Melbourne based musician and producer

Delsinki, stylised as DELSINKI aka Craig Johnston is a Melbourne-based musician. Born in Hobart, Tasmania, Delsinki moved to Melbourne in 1999. He formed the band Gretchen Lewis in 2005; the band recorded their debut album with Lindsay Gravina at Birdland studios and released it independently in 2010. Since 2012 he has operated as solo artist, executive producer and participant of the 'Keep the Circle Unbroken' and 'Sing a Song of Sixpence' touring shows. He has released two albums And There Was Found, No Place For Them and City / Country, the latter debuting at #3 in the ARIA Country Albums chart. Forte Magazine describe Delsinki as 'a type of folk sound that is true to the Australian bush landscape'.

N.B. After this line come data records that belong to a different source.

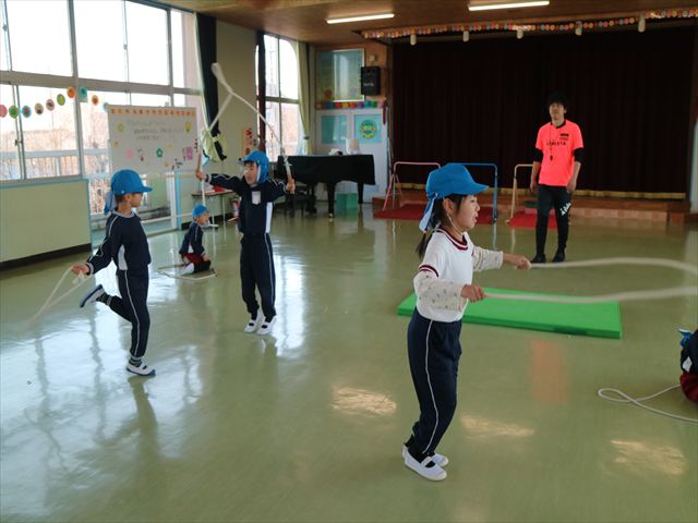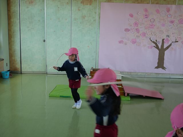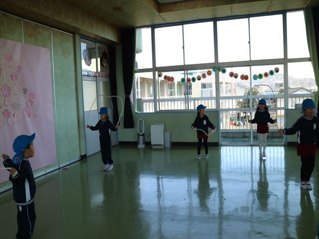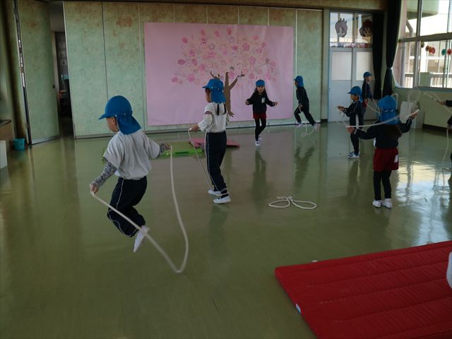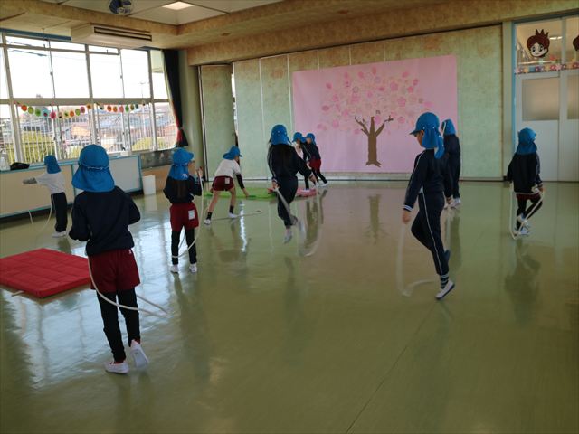 入室前に体育の時間でなわとびをしました。練習を重ねてきて以前よりもたくさん跳べる子が増えてきました☆※写真がなくて申し訳ありませんm(__)m
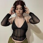 Black Halter Tie Mesh Patch Top-$27
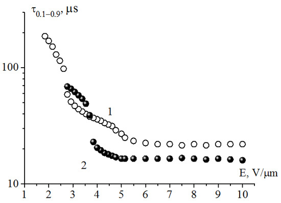 The transition to the soliton mode can occur not only with increasing frequency of the electric field change, but also with increasing field strength at fixed frequency. This transition is accompanied by a sharp decrease in the optical response time when a certain threshold value of the field strength is reached (Figure 9). With increasing frequency, the threshold value of the field for the transition to the soliton mode decreases, and the time of the optical response τ0.1–0.9 decreases (Figure 9, curve 2) at a lower frequency.
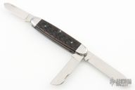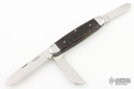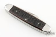 This knife by AC Warren features 3 hand rub satin finished blades with nail nicks. The handle has dovetailed stainless steel bolsters, jigged bone covers, stainless steel liners and springs. Has half-stops. Has some scratches, otherwise good condition.
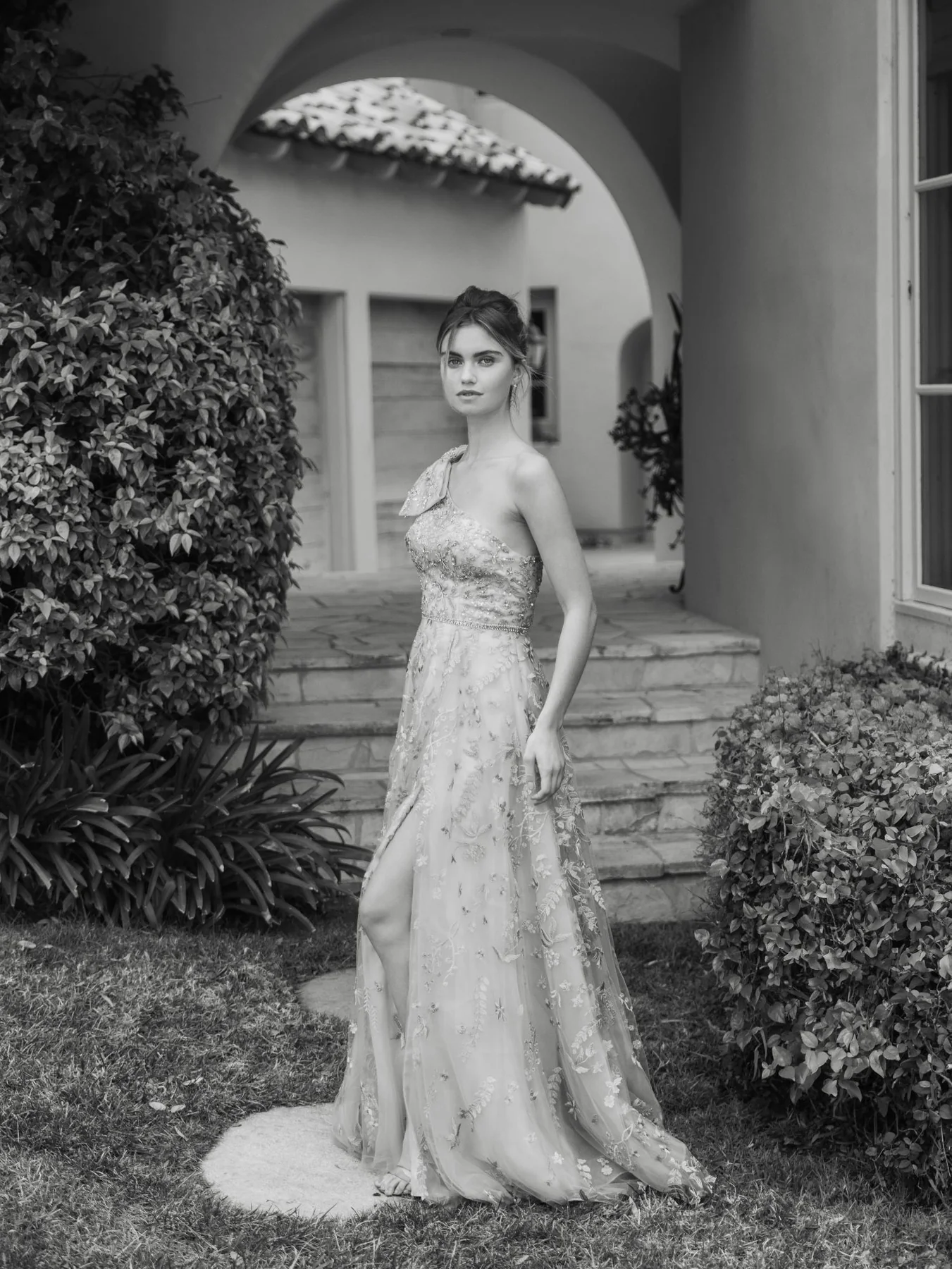 Serve up head-to-toe beauty in this incredible gown. Made from shimmery, botanical-embroidered tulle, the feminine gown is detailed with rhinestone trim at the waist and topped with a feminine full bow at the single shoulder. It’s glamorous, romantic—and with a high leg slit—flirty, too.
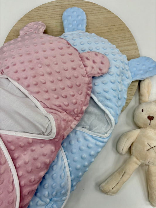 Saco para carro o silla de paseo minky topitos con capucha osito | Rosa empolvado o celeste
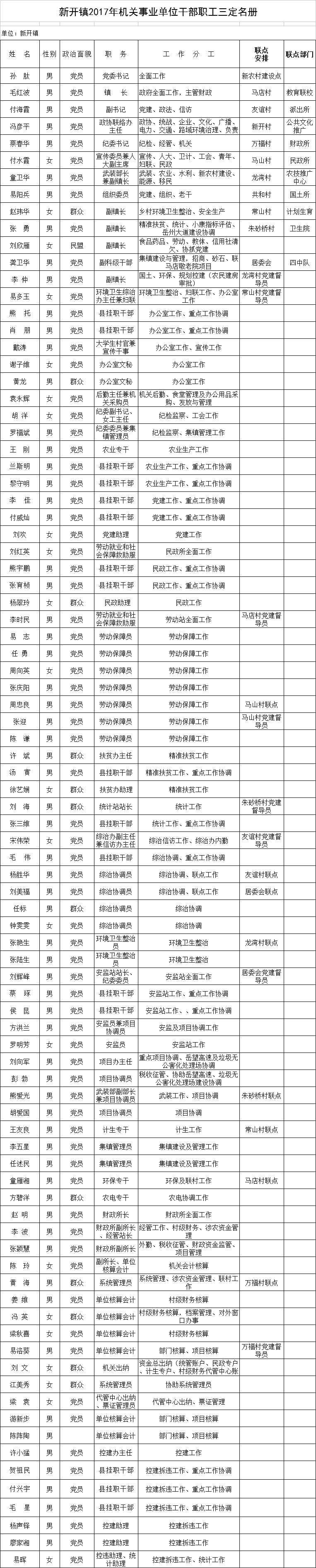 新開鎮2017年幹部職工三定名冊
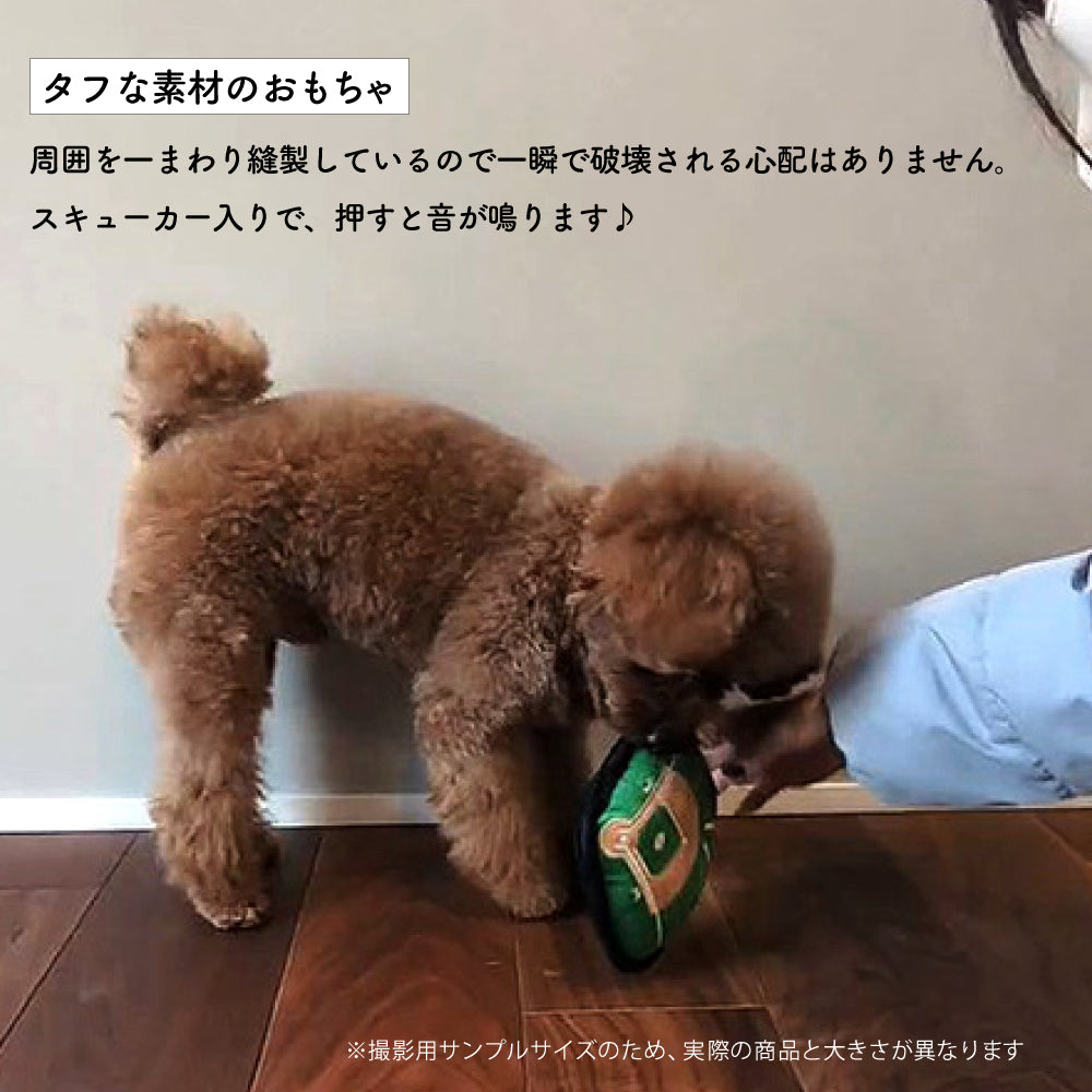 タフな素材のおもちゃ、周囲を一まわり縫製しているので一瞬で破壊される心配はありません。

In 2012 Delsinki participated in the Australian Chamber Orchestra production The Reef along with Stephen Pigram, Mark Atkins, Brian Ritchie, Jim Moginie, and other guests.
The 2022 KTCU and Sixpence touring shows have featured Mick Thomas, Debra Byrne, Tim Rogers of You am I, Abby Dobson, Kylie Auldist of the Bamboos, and Tania Doko of Bachelor Girl. As of March 2022, about 36 shows (both KTCU & Sixpence combined for this number) have been staged including two appearances at the 2022 Port Fairy Folk Festival.

In March 2022 Delsinki became a semi finalist in the International Songwriting Competition. This is his fourth semi-final nomination for this award.